One good example of this is Baker v. Selden. In Baker, the court declined to extend Copyright to the blank accounting forms because it would protect an idea--the accounting method--that was more properly the subject of Patent law. Thus, one of the key reasons it denied Copyright protection was because of the existence of another, more restrictive IP.

The other good example we studied is TrafFix. The TrafFix court held found a heavy presumption against extend trade dress protection to a feature claimed in an expired utility patent. One of the reasons for this heavy presumption is it would take something that was supposed to be the subject of narrow patent protection and extend it using broad trade dress protection.

So channeling doctrines ARE NOT simply doctrines that allow you to compare/contrast different forms of IP. They are rules that force you to choose one form of IP by denying you another form of IP to resolve what would otherwise be a conflict between the two.

posted at: 12:40 | path: | permanent link to this entry

Aesthetic Functionality
Q: I don't understand aesthetic functionality!

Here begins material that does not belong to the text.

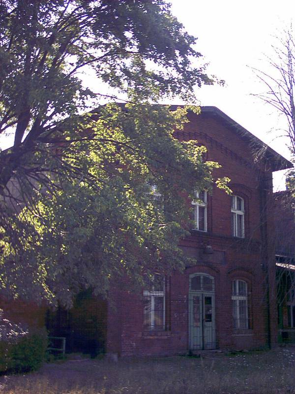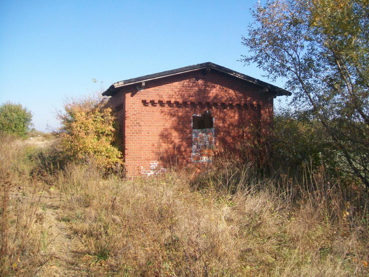 Zdewastowany i opuszczony budynek pokolejowy stojący na północno-wschodniej głowicy dawnej stacji, pochodzący z czasów lokalnej kolei do Szydłowa. Widok w kierunku północno-wschodnim (Brzeg).

A: Perhaps the biggest problem is the use of the word, "functionality." It isn't really about functionality at all. Instead, just think of it as a separate rule, and focus on the word "pleasing." Some things are just so inherently pleasing in its design, that if we let one competitor protect it as a trademark, we would be taking too much away from the other competitors. If we let you TM a heart-shaped chocolate box, we let you lock up too much IP, because there is something inherently pleasing about that design.

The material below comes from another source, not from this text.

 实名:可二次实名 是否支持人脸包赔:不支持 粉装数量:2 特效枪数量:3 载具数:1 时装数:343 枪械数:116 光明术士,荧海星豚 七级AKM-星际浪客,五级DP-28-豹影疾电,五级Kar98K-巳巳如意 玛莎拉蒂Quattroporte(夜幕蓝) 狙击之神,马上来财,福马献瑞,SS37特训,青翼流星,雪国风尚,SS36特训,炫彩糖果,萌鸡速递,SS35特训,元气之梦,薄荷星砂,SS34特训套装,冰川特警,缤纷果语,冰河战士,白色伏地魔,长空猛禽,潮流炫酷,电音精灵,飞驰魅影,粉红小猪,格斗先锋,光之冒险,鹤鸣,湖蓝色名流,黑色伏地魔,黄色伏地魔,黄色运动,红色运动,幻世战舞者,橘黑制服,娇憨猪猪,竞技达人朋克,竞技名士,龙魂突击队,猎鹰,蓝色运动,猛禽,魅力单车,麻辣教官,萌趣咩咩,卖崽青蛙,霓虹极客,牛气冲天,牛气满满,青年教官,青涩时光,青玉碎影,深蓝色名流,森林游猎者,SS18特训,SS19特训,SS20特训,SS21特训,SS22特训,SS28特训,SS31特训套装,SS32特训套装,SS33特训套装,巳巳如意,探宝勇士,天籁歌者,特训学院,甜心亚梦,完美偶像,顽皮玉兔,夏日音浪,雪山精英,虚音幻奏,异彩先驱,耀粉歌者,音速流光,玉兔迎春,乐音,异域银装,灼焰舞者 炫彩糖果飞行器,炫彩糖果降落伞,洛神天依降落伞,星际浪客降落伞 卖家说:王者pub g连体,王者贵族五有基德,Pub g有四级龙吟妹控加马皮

posted at: 12:38 | path: | permanent link to this entry

Parke-Davis
Q: I am confused about the Parke-Davis line of cases. My understanding is that the process for extracting and purifying is patentable, but the product (adrenaline) is not. Is this correct?

No, this is not correct. Parke-Davis held that a product extracted from nature is patentable if it is in a form that is purer than the form in which it exists in nature. By being purified, it is no longer considered a "product of nature."

posted at: 12:33 | path: | permanent link to this entry

Leftovers from the Review Session
We ended the review session without getting through all of the questions, so I will be populating this webpage with written Q&A covering most of the remaining questions.

posted at: 12:27 | path: | permanent link to this entry

Tue, 02 Dec 2008

Welcome.
Welcome to the student question and answer blog for Professor Ohm's 2008 Introduction to Intellectual Property course. During the exam period, I will post student questions with my answers on this page.

I am not posting every single student question. Instead, I am only posting student questions that I believe the class, as a whole, will benefit from hearing. Some questions are too basic to deserve attention. Other questions are too advanced and nuanced. So don't take it personally if your question doesn't appear here. (Do take it personally if I don't respond to one of your questions. I might have forgotten to get to it, so if you don't hear from me in a day or two, please ask again.)